Profundizar y ampliar la UE, es la mejor respuesta para el continente y para cada país. Pero hay que encararla más allá de la discusión de la letra de la propuesta que tendrán los jefes de Gobierno sobre la mesa, incluso para facilitar esta tarea sin debates cortoplacistas.

En la conversación con Kohl, como en las que he mantenido con Delors, convenimos en que la clave del proceso era la convergencia de una presidencia de la Comisión fuerte, con iniciativa y decisión ejecutiva, con unos cuantos jefes de Gobierno -incluyendo siempre a Francia y Alemania sin demagogias de directorios-, que tejiera una red de confianza y acuerdo para llevar adelante la construcción Europea. Ésta es la principal carencia del momento.

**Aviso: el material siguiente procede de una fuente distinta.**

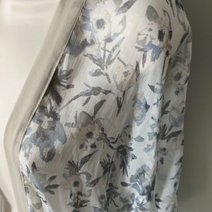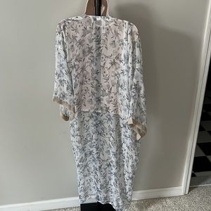 Open front duster. Beautiful, light, sheer, muted colors. Never worn no size listed but because it is an open front I would say fits almost any size S- XL.
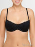 Оригинальный бюстгальтер push-up на косточках с поролоновой чашкой. Выполнен из тонкой эластичной ткани с рисунком "гусиная лапка". Несъемные эластичные бретели регулируются по длине. Застегивается на один крючок в три позиции. Чашки дополнены съемным поролоновым уплотнителем. Декорирован кружевными вставками.

Se habla de crisis de liderazgo y se olvida la crisis de confianza. Temo que hay más de lo segundo que de lo primero, aunque las consecuencias den otra impresión y sea la tentación de los que no estamos en la responsabilidad directa.

Si hubiera existido confianza entre un núcleo de dirigentes, las propuestas sobre ampliación y reforma institucional hechas en Helsinki no serían tan fuertemente contradictorias como para reclamar una nueva Conferencia cuando ésta se apruebe y olvidar las necesidades presupuestarias de la operación.

Con confianza entre los dirigentes la situación del euro, por la ausencia de políticas económicas y presupuestarias comunes, se corregiría y no se oirían voces divergentes que ocultan una realidad preocupante.

Es la confianza que falta para frenar el debilitamiento de la Comisión, que poco tiene que ver con la PESC y mucho con el repliegue hacia lo intergubernamental, poniendo en peligro el delicado equilibrio europeo.

O la que no existe para encarar propuestas de acciones comunes en política exterior, ahora imprescindibles en Yugoslavia y Oriente Próximo, que sumen y coordinen los efectivos disponibles en el Consejo, en la Comisión y en los Estados miembros, evitando actuaciones en orden disperso y creando un acervo común progresivo.

Europa, la de la Unión de hoy y la grande, con los países liberados del totalitarismo, está ante una gran oportunidad, sólo comparable con el riesgo que se derivará de no actuar con una visión clara del medio y el largo plazo. Para generarla, para estar a la altura de un proyecto ambicioso, los líderes europeos tienen que recuperar la confianza. Aunque no es un problema de ideologías, sino de europeísmo, la responsabilidad de los socialdemócratas en este momento, por la voluntad de los ciudadanos, es determinante.

Felipe González es ex presidente del Gobierno.